It was removed a few years ago.
Jun 25 2023
parent reply Cecil Ward <cecil cecilward.com> writes:
On Sunday, 25 June 2023 at 21:22:49 UTC, Richard (Rikki) Andrew 
Cattermole wrote:
 This use to work.

 It was removed a few years ago.
I think so too. I recently had to rework a lot of old code because of it, a real nuisance. Was it thought that null concat was dangerous somehow? A recipe for potential for some kind of mistakes? I presume that reinstating it would be safe enough? If there’s any reason to.
Jun 25 2023
parent reply Dave P. <dave287091 gmail.com> writes:
On Sunday, 25 June 2023 at 21:30:52 UTC, Cecil Ward wrote:
 On Sunday, 25 June 2023 at 21:22:49 UTC, Richard (Rikki) Andrew 
 Cattermole wrote:
 This use to work.

 It was removed a few years ago.
I think so too.
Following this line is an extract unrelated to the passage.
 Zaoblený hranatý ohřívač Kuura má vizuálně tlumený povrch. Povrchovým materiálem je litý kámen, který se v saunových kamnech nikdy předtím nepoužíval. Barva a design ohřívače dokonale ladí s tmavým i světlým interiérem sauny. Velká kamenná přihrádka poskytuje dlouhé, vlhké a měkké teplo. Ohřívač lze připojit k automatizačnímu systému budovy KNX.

I recently had to rework a lot of old code because of it, a real nuisance. Was it thought that null concat was dangerous somehow? A recipe for potential for some kind of mistakes? I presume that reinstating it would be safe enough? If there’s any reason to.
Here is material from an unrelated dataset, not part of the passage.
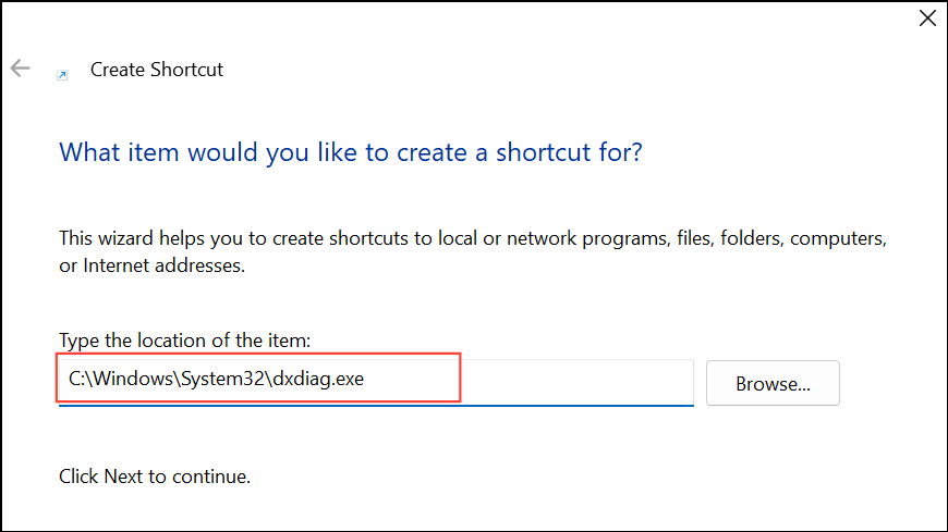 Right-click the desktop, select New > Shortcut, and enter C:\Windows\System32\dxdiag.exe as the location. Name the shortcut and use it for quick access.

It’s easy to make this mistake: ```d const x = [ "foo" "bar", "baz" ]; ``` `x` only has 2 elements, when it looks like it has 3.
Jun 25 2023
parent reply Cecil Ward <cecil cecilward.com> writes:
On Sunday, 25 June 2023 at 21:39:13 UTC, Dave P. wrote:
 On Sunday, 25 June 2023 at 21:30:52 UTC, Cecil Ward wrote:
 On Sunday, 25 June 2023 at 21:22:49 UTC, Richard (Rikki) 
 Andrew Cattermole wrote:
 This use to work.

 It was removed a few years ago.
I think so too. I recently had to rework a lot of old code because of it, a real nuisance. Was it thought that null concat was dangerous somehow? A recipe for potential for some kind of mistakes? I presume that reinstating it would be safe enough? If there’s any reason to.
It’s easy to make this mistake: ```d const x = [ "foo" "bar", "baz" ]; ``` `x` only has 2 elements, when it looks like it has 3.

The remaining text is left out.